Information that is convenient to access

We wanted to create an app for working people, and working people are busy people. They need to engage and organise quickly and readily on their lunch breaks, or when they had a spare moment.

Initially, we customised the NationBuilder membership functionality to build a portal for all members, where they could access their collective agreement, see a noticeboard where staff could leave messages, and where they could read the latest news about their place of employment. However, we found its use patchy on both sides. For union staff who spend a lot of time out of the office, the noticeboard wasn’t really an effective way to communicate with members. Ultimately we found that recipients needed a notification, which would prompt them to check their messages.
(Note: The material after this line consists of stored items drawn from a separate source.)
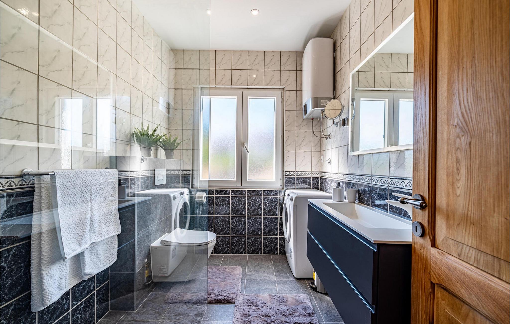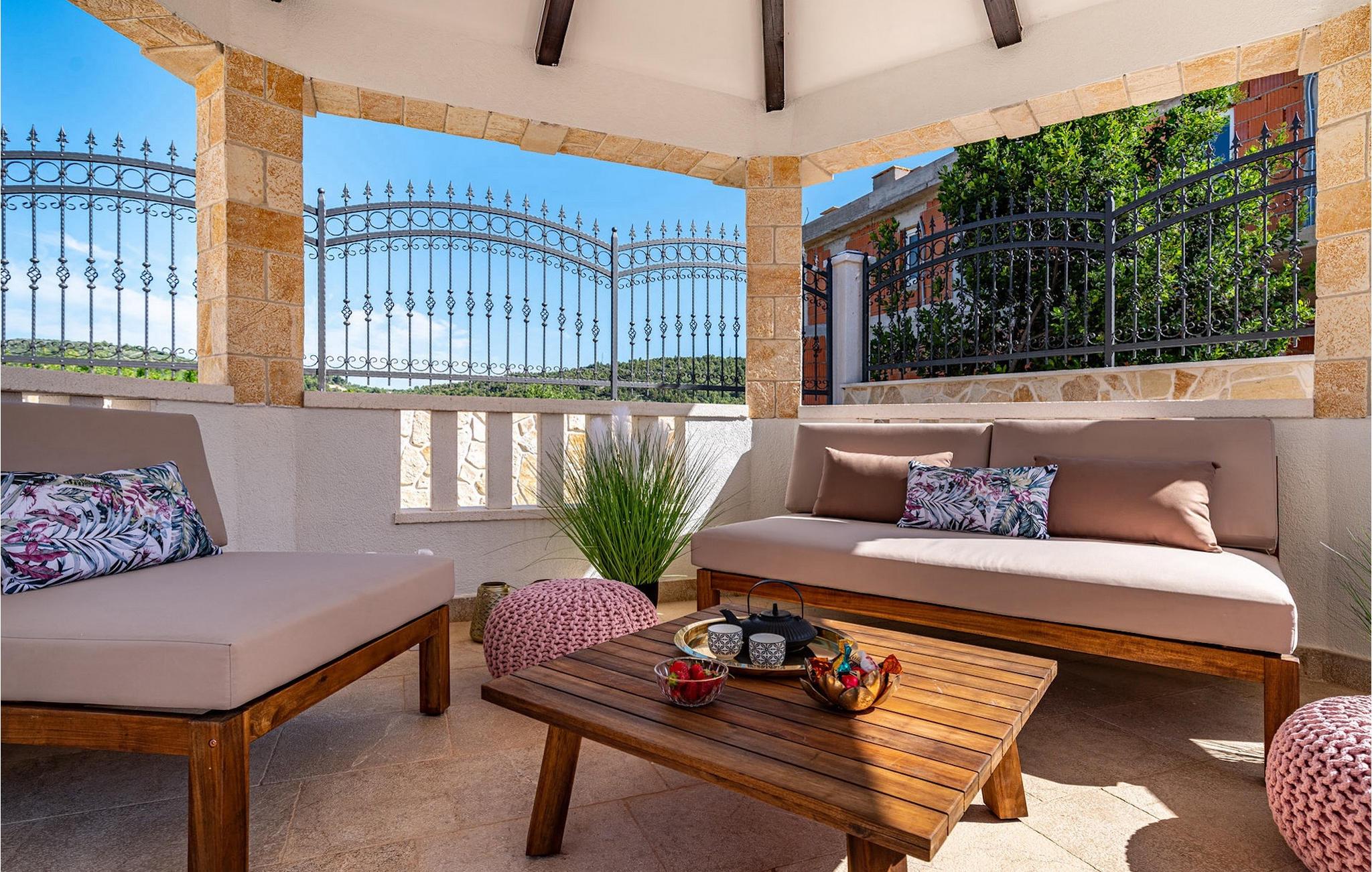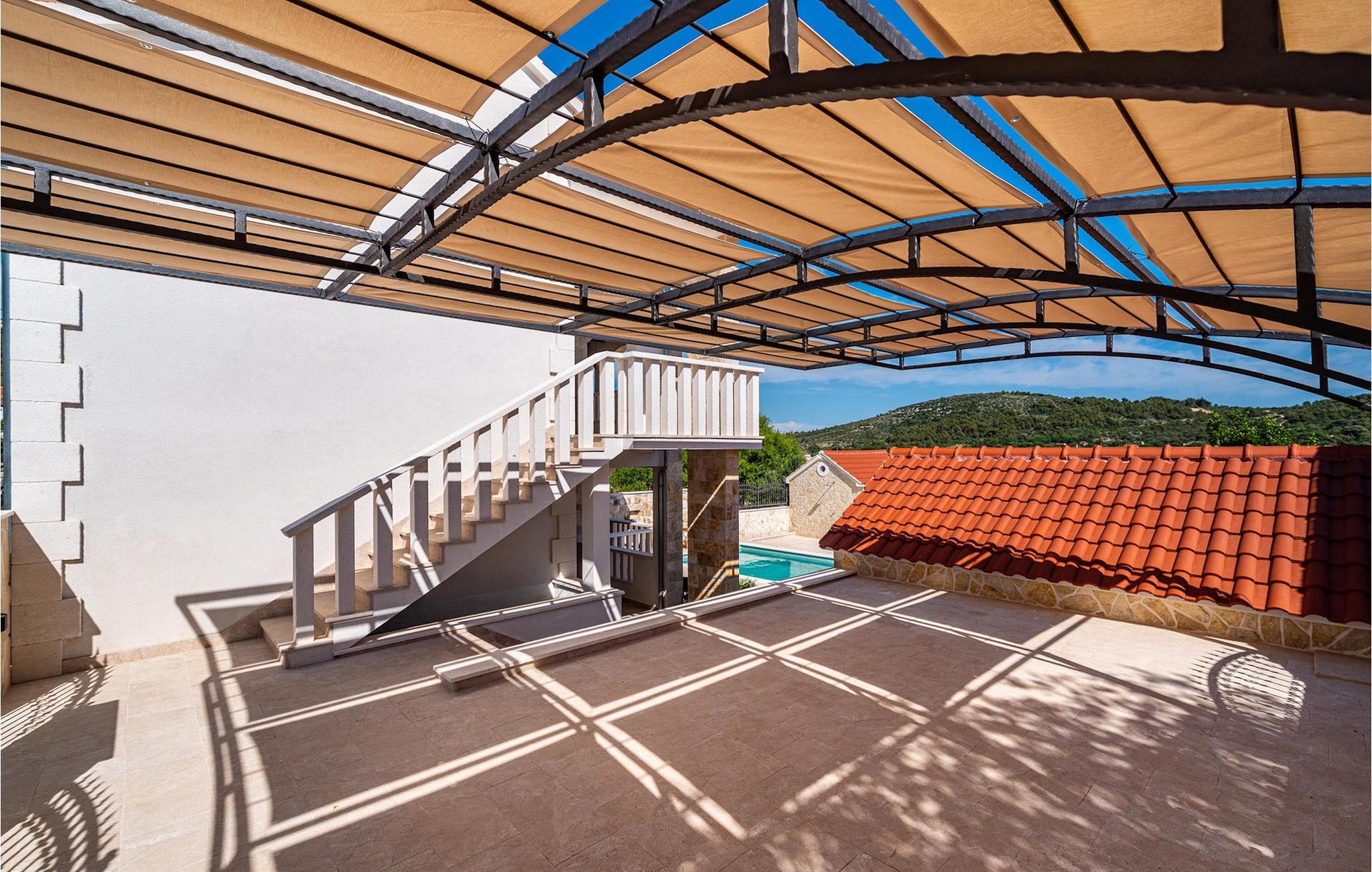 Utomhus kan du njuta av den uppfriskande 35m2 poolen, njuta av den dalmatiska solen på en av solstolarna eller samla familj och vänner i den mysiga täckta loungen för att planera utflykter tillsammans i den vackra regionen. Wellnessentusiaster bör inte glömma att nämna bastun i poolhuset, barnen kommer säkert att ha roligt med spelkonsolen och som en liten höjdpunkt för vinälskare kommer vinkylen i båda köken säkert inte att vara malplacerad. Som du kan se finns det något för alla. :-)
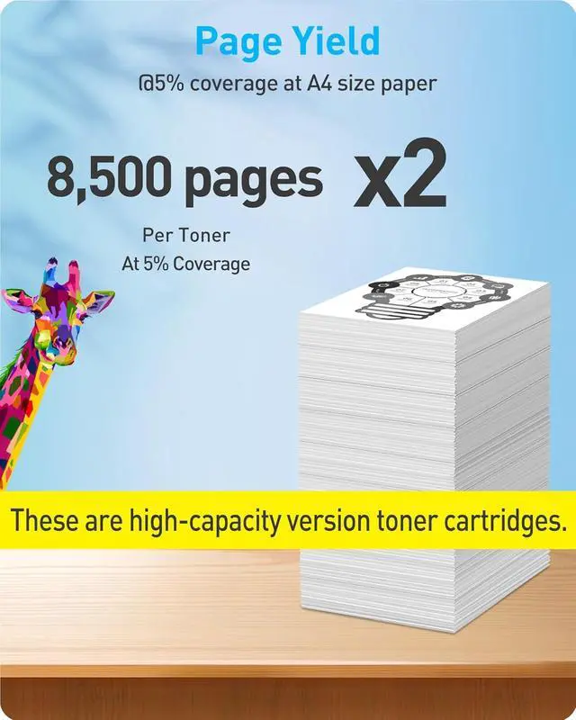 Page Yield: up to 8,500 pages per black toner, @5% coverage at A4 size paper
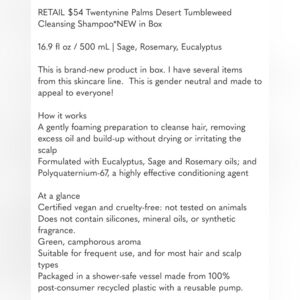 Twentynine Palms Desert Tumbleweed Cleansing Shampoo *NEW* RETAIL $54
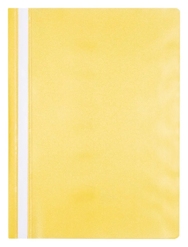 Skoroszyt OFFICE PRODUCTS, 120/180 mic, PP, żółty — Ekonomiczny, wykonany z polipropylenu, miękki metalowe wąsy niewpinany wymienny, dwustronnie zapisywalny papierowy pasek brzegowy kieszonka umożliwiająca wymianę paska na każdym skoroszycie kod EAN

Although collective agreements were available to members, logins and browser navigation put it just beyond the expedient reach of members who were predominantly wanting information on their phone during their break at work. An app solved these issues, by providing notifications, being usable while on the run, and not requiring a login.

Organising for efficiency and growth

This is probably where we had the most success. Prior, Unite had used a local server-based database and lots of paper and clipboards to organise which was not only limiting and inefficient, but also meant only a minimum of data was recorded then largely disappeared into a black hole in the back room. We implemented a system for organisers to log visits to all worksites, log all members contacted, and to record and manage all casework arising from issues in the workplace.

The simple act of recording that data has provided insights that have unlocked some real benefits. Tracking growth, the results of recruitment drives, and trends in reported workplace incidents are all now available for simple analysis. We even built a portal where staff can, graphically, get key insights to help them make weekly decisions that help prioritise their organising.

Using a cloud-based platform let union staff record all of this data on the run, and also enabled members to interact and do things like using the automated recruitment tools we set-up to sign-up their workmates on their phone at work and get the credit for it. Peer-to-peer recruiting has real potential and was something we were keen to expand upon when we built the app.

Where to go from here?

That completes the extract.